Quer como crítica à hipocrisia do governo norte-americano ao responder (ou a não responder) à imigração mexicana, quer como resposta ao mega-hit «Papa-americano» ou até mesmo como forma de atingir a comunidade latina dos EUA, falha redondamente. Porque a canção tem uma sonoridade muito mais italiana do que espanhola ou mexicana e distancia-se de formas pop convencionais. Como ressurgimento da sua veia italiana, a música pode-lhe fazer jus.

Nota: 4


6. Hair

É a canção que mais se aproxima das canções inocentes do primeiro álbum, até na letra que parece reportar à fase inicial de Spears. Contudo, não perde o carácter efusivo das anteriores (música de estádio, sim, mas com o charme dos instrumentos de sopro) com metáforas que interligam “cabelo”, “identidade” e “liberdade” como resposta a conflitos parentais. Temos potencial terceiro single.

Nota: 4

7. Scheibe

O desfile para Mugler e a cultura de Berlim despertou-lhe os sentidos para produzir esta maquinal canção que parece ter sido retirada do documentário polémico de «Bruno» e enfatiza o sentido femme fatale do mulherio. Poderosa, pois claro.

Nota: 5


8. Bloody Mary

Era para constatar no cardápio de «The Fame: Monster» mas fez bem em colocar aqui. É a tradução da consternação de um amor falhado (ou de um sexismo indeclarado) com referências claras a imagéticas religiosas católicas (Maria, Jesus). Pela assexualização que esses simbolismos podem conceder à canção, era bom que ela se contivesse porque a canção é óptima para afogar as mágoas e quando se afoga as magoas não se está para recitar a bíblia. Tirando esse constrangimento, atrever-me-ia a dizer que «Bloody Mary» é uma das canções mais sentimentais de GaGa.

Nota: 4

9. Bad Kids

Imaculadamente inocente e revestida de tentativas de transforma-la em rock. Pela primeira vez, dou um “três”. Sim, sou um bad kid.

Nota: 3

10. Highway Unicorn (Road 2 Love)

Imaginem uma reunião entre Cher, Donna Summers, Grace Jones e Whitney Houston. Peguem na explosão europop de Cher, misturem com o psicadelismo cândido de Summers, adicionem a voz galáctica de Whitney (ok, reduzam um pouco) e deixem espaço para a extravagância alienígena de Grace. Voilá, esta canção é algo assim.

Nota: 4

11. Heavy Mental Lover

Aposto que esta foi produzida à ultima da hora e metida à força no álbum. GaGa quis tanto ser original que se transformou numa Kylie Minogue remixada por Jakatta. Apesar de não ser má, se a ouvisse numa rádio qualquer botaria as minhas mãos no fogo de que não se tratava de GaGa. Para piorar, as doses industriais de vocoder despersonalizam totalmente uma canção onde os “uh uhs” de GaGa viajam tresloucados.

Nota: 3

12. Electric Chapel

Foi a primeira canção do álbum que gostei à primeira. Original pelas metáforas religiosas e sexuais que mobiliza, o electro-pop exagerado que gravita no perímetro divisório entre o house azeiteiro e a despersonalização não pairam por estas bandas, a letra, apesar de não ser um atestado de inteligência, é bastante simples, acessível e pertinente. Bom serviço à pop.

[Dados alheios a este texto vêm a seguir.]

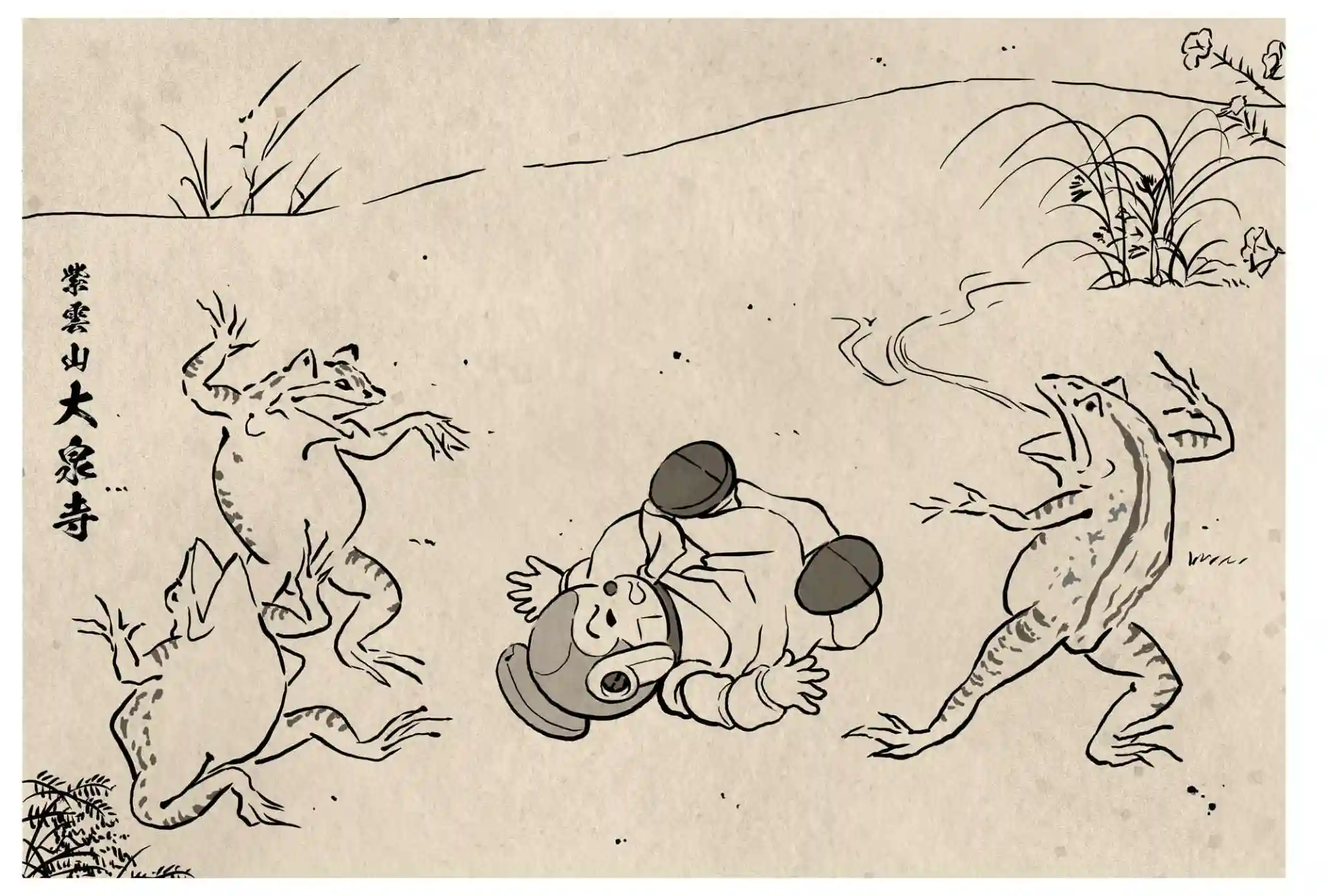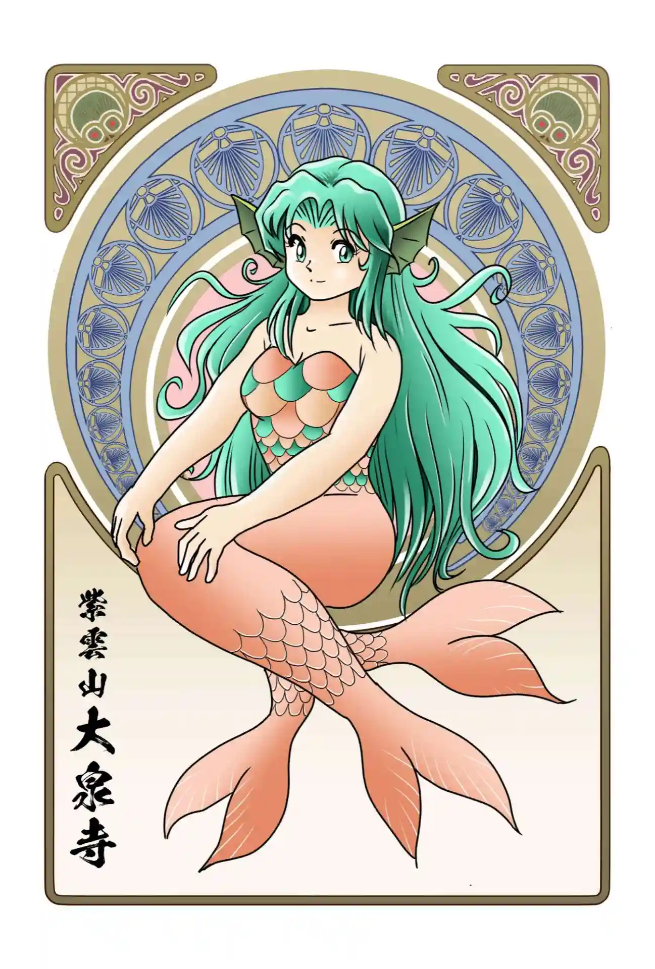 鳥獣戯画とミュシャをイメージした語朱印一周年のポストカード二種ですが、

Nota: 5 (posso dar um 10?)

13. You & I

Ligeiramente diferente da faixa que vazou há meses na Internet, «You & I» é o regresso da “GaGa do piano” paredes meias com batidas do tipo “We Willl Rock You” dos Queen e coros à Shania Twain. Ou seja, a pior canção do álbum.

Nota: 2

14. Edge of Glory


O provável terceiro single de GaGa não entra facilmente no ouvido mas, uma vez assimilado, é impossível tira-lo da cabeça. Cumpre os pré-requisitos dos hits de discotecas tropicais, a brincar às escondidas com tons clássicos de jazzie, e presta um bom serviço à dança. Avaliar pelas vendas do novo álbum de GaGa e a sua popularidade, tem também uma letra sincera: ela está no pico da glória.

Nota: 5

15. Fashion of His Love

Difusa e apressada. Tão apressada que recorre a loops da não lançada “Then you’d love Me”. Há piores? Há, mas não me convenceu.

Nota: 2

Nota: As canções “The Queen” e “Black Jesus + Amen Fashion” ainda não tive oportunidade de ouvir.